• [EXERCISE]:
Restate all the lines below word for word, but omit the pictures.

• [MATERIAL PROVIDED]:
-----

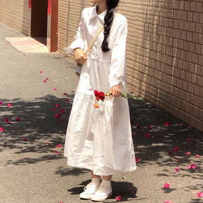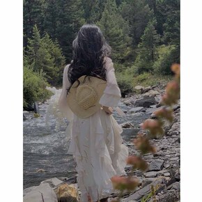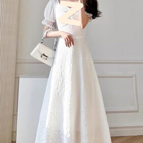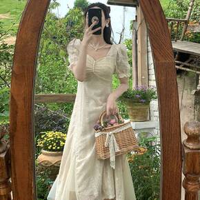 法式初恋白色蕾丝连衣裙女夏复古收腰显瘦仙女长款气质...
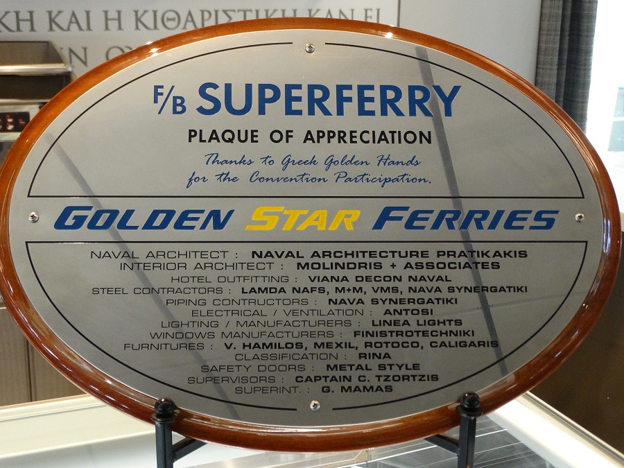 Αναμνηστική πλακέτα με τους βασικούς συνεργάτες που δούλεψαν στην μετασκεύη. Τα ελληνικά χρυσά χέρια όπως λέει και η αγγλική αφιέρωση στην πλακέτα (φωτο: Εν Άνδρω)
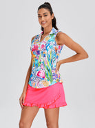 Aquatic Print V-neck Sleeveless Polo Shirt for Women

-----

• [ANSWER TO THE EXERCISE]:
 法式初恋白色蕾丝连衣裙女夏复古收腰显瘦仙女长款气质...
 Αναμνηστική πλακέτα με τους βασικούς συνεργάτες που δούλεψαν στην μετασκεύη. Τα ελληνικά χρυσά χέρια όπως λέει και η αγγλική αφιέρωση στην πλακέτα (φωτο: Εν Άνδρω)
 Aquatic Print V-neck Sleeveless Polo Shirt for Women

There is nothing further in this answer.